START Given information
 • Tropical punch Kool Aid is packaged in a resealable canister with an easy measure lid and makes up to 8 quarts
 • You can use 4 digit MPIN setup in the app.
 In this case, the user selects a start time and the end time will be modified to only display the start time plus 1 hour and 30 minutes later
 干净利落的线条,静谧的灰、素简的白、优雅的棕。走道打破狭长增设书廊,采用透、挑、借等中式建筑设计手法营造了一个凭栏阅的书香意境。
END Given information
START Given information
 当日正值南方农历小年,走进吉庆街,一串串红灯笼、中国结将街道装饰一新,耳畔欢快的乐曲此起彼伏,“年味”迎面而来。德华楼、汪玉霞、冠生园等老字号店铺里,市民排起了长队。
END Given information
Only the lines above starting with the one with "to 8 quarts" and going through the one with "干净利落的线条,静谧的灰、素" are to be copied, word for word and with both ends kept.

 • Tropical punch Kool Aid is packaged in a resealable canister with an easy measure lid and makes up to 8 quarts
 • You can use 4 digit MPIN setup in the app.
 In this case, the user selects a start time and the end time will be modified to only display the start time plus 1 hour and 30 minutes later
 干净利落的线条,静谧的灰、素简的白、优雅的棕。走道打破狭长增设书廊,采用透、挑、借等中式建筑设计手法营造了一个凭栏阅的书香意境。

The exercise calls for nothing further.